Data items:

Start of Block

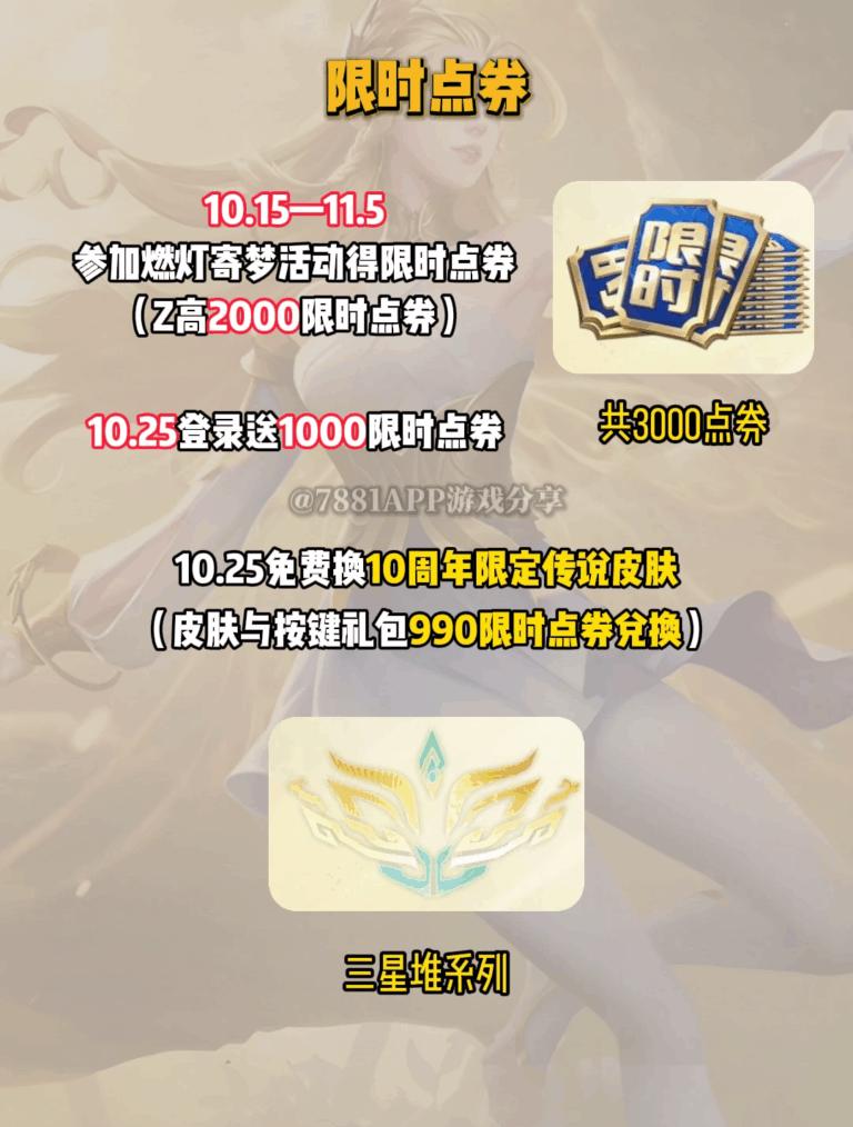 王者榮耀十週年慶典將會喺2025年10月28日正式開鑼,今次官方為玩家準備咗堪稱「年度福利天花板」嘅豐厚獎勵,其中包括後羿首款免費傳說皮膚、限時點券回歸同多款限定皮膚返場等重磅內容。
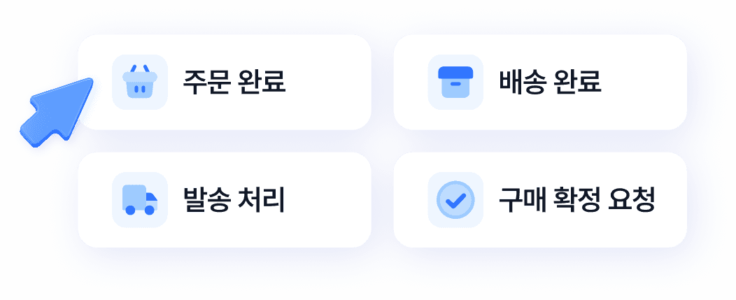 주문, 배송, 구매확정 등 다양한 템플릿을 제공하여 클릭 몇 번으로 간편하게 세팅이 가능해요
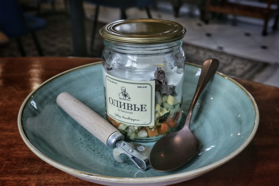 От других ресторанов русской кухни «Чайковский» отличается ироничным отношением к Чайковскому (на меню, например, Петр Ильич изображен с рюмкой чего-то явно не безалкогольного), еде и общепринятым представлениям о том, каким должен быть ресторан русской кухни. Во-первых, еда тут не то чтобы совсем уж классическая русская, а с изрядными вкраплениями советской (оливье, мимоза и пр.). Но и тут, как выясняется, есть место доброй шутке — оливье можно брать хотя бы только из-за подачи.
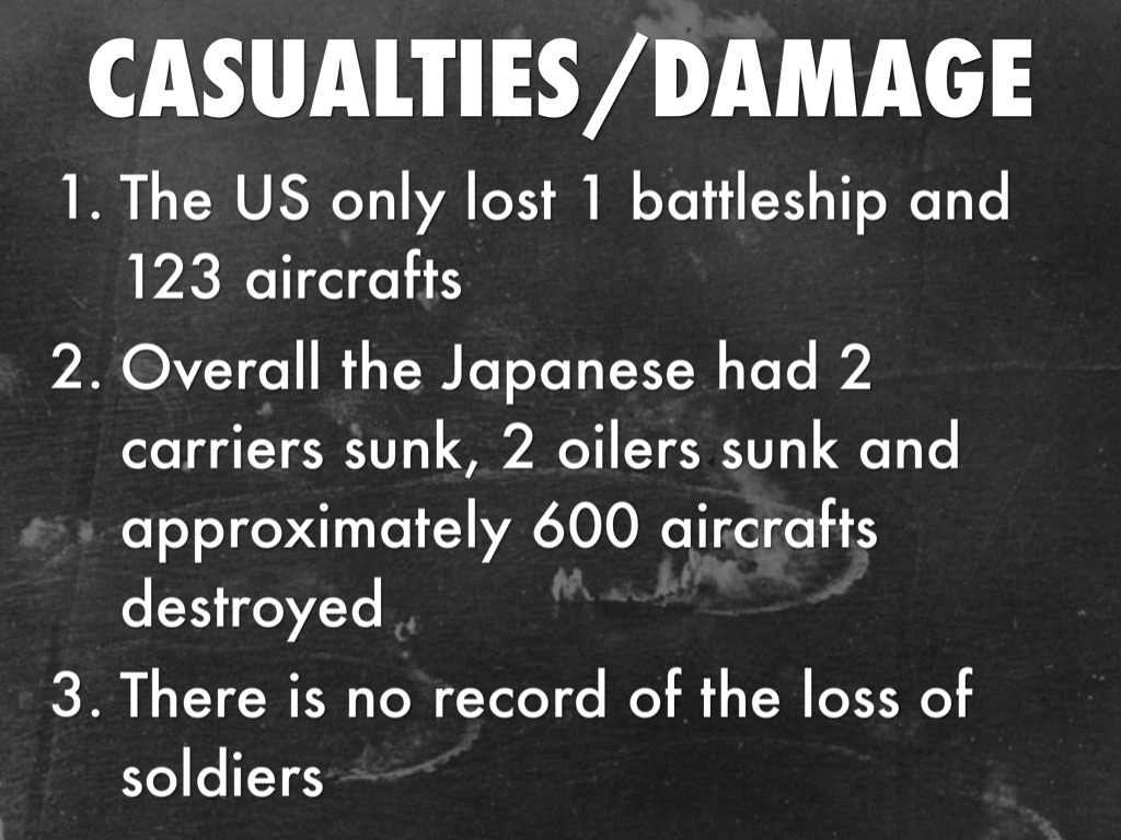 Overall the Japanese had 2 carriers sunk, 2 oilers sunk and approximately 600 aircrafts destroyed
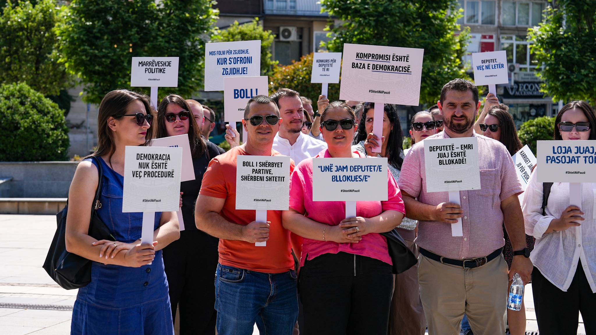 Nga Gazeta ‘Si’- Pjesëtarë të organizatave të ndryshme të shoqërisë civile protestuan në hyrje të Kuvendit të Kosovës të mërkurën, teksa deputetët e zgjedhur u mblodhën për të tentuar për herë të 37-të ta bëjnë Kuvendin e ri.
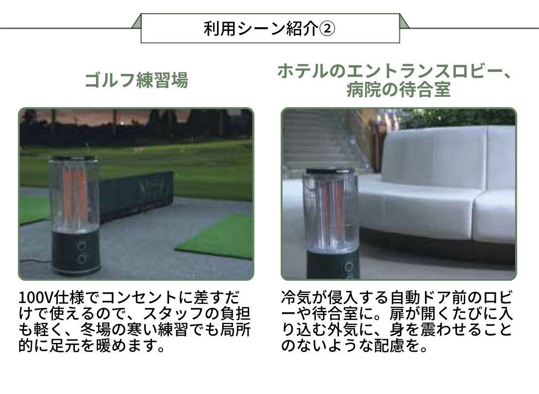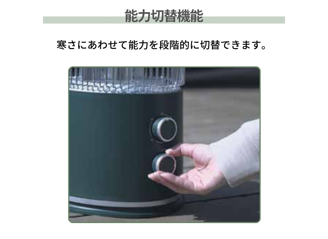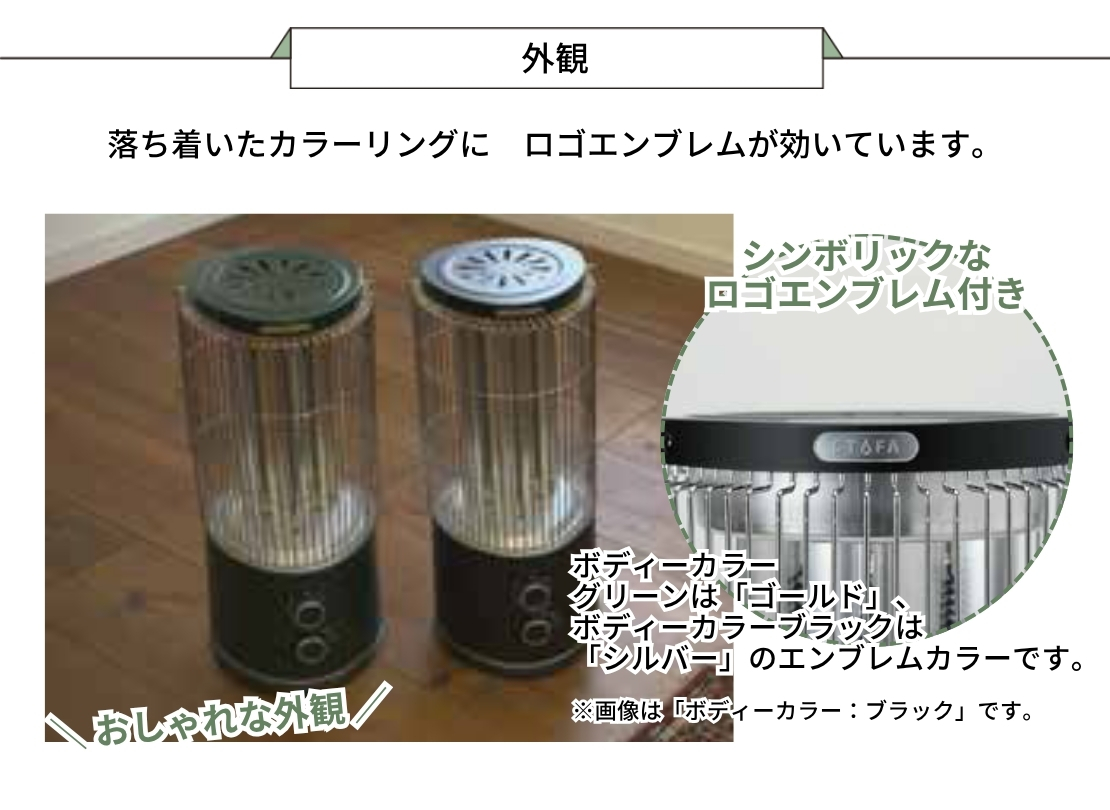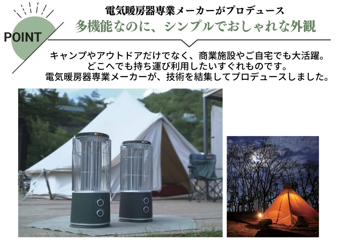 多機能なのに、シンプルでおしゃれな外観。どこへでも持ち運び利用したいすぐれものです。キャンプやアウトドアだけでなく、商業施設やご自宅でも大活躍。電気暖房器専業メーカー・インターセントラルが、技術を結集しプロデュースしました。
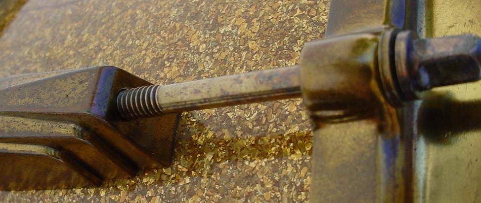 As I mentioned in my Silver Anniversary Black Beauty article Ludwig & Ludwig changed their Artgold (copper plating/gold lacquer) DeLuxe option to the Classic Gold (brass plating/yellow gold lacquer) option in 1932. The Classic Gold hardware is all there, in great shape and only needed a basic cleaning. The 8 tapped Imperial lugs are healthy (no stripping).

End of Block

How to complete this task: Leaving the pictures out, set down all of the data again exactly.

Solution to the exercise:
 王者榮耀十週年慶典將會喺2025年10月28日正式開鑼,今次官方為玩家準備咗堪稱「年度福利天花板」嘅豐厚獎勵,其中包括後羿首款免費傳說皮膚、限時點券回歸同多款限定皮膚返場等重磅內容。
 주문, 배송, 구매확정 등 다양한 템플릿을 제공하여 클릭 몇 번으로 간편하게 세팅이 가능해요
 От других ресторанов русской кухни «Чайковский» отличается ироничным отношением к Чайковскому (на меню, например, Петр Ильич изображен с рюмкой чего-то явно не безалкогольного), еде и общепринятым представлениям о том, каким должен быть ресторан русской кухни. Во-первых, еда тут не то чтобы совсем уж классическая русская, а с изрядными вкраплениями советской (оливье, мимоза и пр.). Но и тут, как выясняется, есть место доброй шутке — оливье можно брать хотя бы только из-за подачи.
 Overall the Japanese had 2 carriers sunk, 2 oilers sunk and approximately 600 aircrafts destroyed
 Nga Gazeta ‘Si’- Pjesëtarë të organizatave të ndryshme të shoqërisë civile protestuan në hyrje të Kuvendit të Kosovës të mërkurën, teksa deputetët e zgjedhur u mblodhën për të tentuar për herë të 37-të ta bëjnë Kuvendin e ri.
 多機能なのに、シンプルでおしゃれな外観。どこへでも持ち運び利用したいすぐれものです。キャンプやアウトドアだけでなく、商業施設やご自宅でも大活躍。電気暖房器専業メーカー・インターセントラルが、技術を結集しプロデュースしました。
 As I mentioned in my Silver Anniversary Black Beauty article Ludwig & Ludwig changed their Artgold (copper plating/gold lacquer) DeLuxe option to the Classic Gold (brass plating/yellow gold lacquer) option in 1932. The Classic Gold hardware is all there, in great shape and only needed a basic cleaning. The 8 tapped Imperial lugs are healthy (no stripping).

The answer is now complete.